Lettera del 13/12/03  di Lucio Montanari

IL SOGNO DI MONTEZUMA

 

Qualche tempo fa ho avuto occasione di ascoltare le parole di un noto giornalista, buon conoscitore dell’Islam e della cultura islamica.   Con voce serena e sincera convinzione spiegava che la Religione Islamica non è affatto incline alla violenza e alla guerra: si tratta di un luogo comune, riemerso in seguito agli attentati e alle stragi che, in questi ultimi anni, hanno insanguinato alcune parti del mondo.    Queste stragi orrende - diceva - non hanno niente a che fare con la Religione Islamica: sono delitti di matrice politica, commessi da terroristi fanatici e crudeli (come purtroppo esistono in molte altre nazioni).

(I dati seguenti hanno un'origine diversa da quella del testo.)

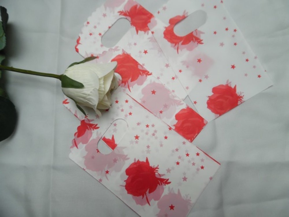Lot de 10 Pochettes Souple Fine à Fleur Rose Blanc Rouge en Plastique Souple 15x9cm Rebord Ondulé

Al contrario, le sue conversazioni con religiosi islamici, dediti alla preghiera e allo studio del Corano, lo avevano convinto della profonda spiritualità dell’Islam, religione pacifica e rispettosa sia dell’uomo che delle altre religioni.

Sulla base di questa realtà religiosa e culturale, concludeva che potremo sempre convivere in pace con gli islamici: e pertanto dobbiamo accoglierli senza timore e con generosa solidarietà.

Mentre ascoltavo, ho cominciato a viaggiare con la fantasia nel mondo ideale dell’oratore; e ho immaginato che il nostro giornalista, proiettato in una dimensione fantastica, si trasformava in un benefico “Fantasma dell’accoglienza” (entità simile a quel vago “Fantasma del Natale” di dickensiana memoria).

Ho visto poi questo fantasma, libero di muoversi nello spazio e nel tempo, portare ovunque il suo messaggio di accoglienza; l’ho visto muoversi “senz’orma, come il vento”, sull’oceano, e raggiungere attraverso i secoli, il lontano Mexico del 1519.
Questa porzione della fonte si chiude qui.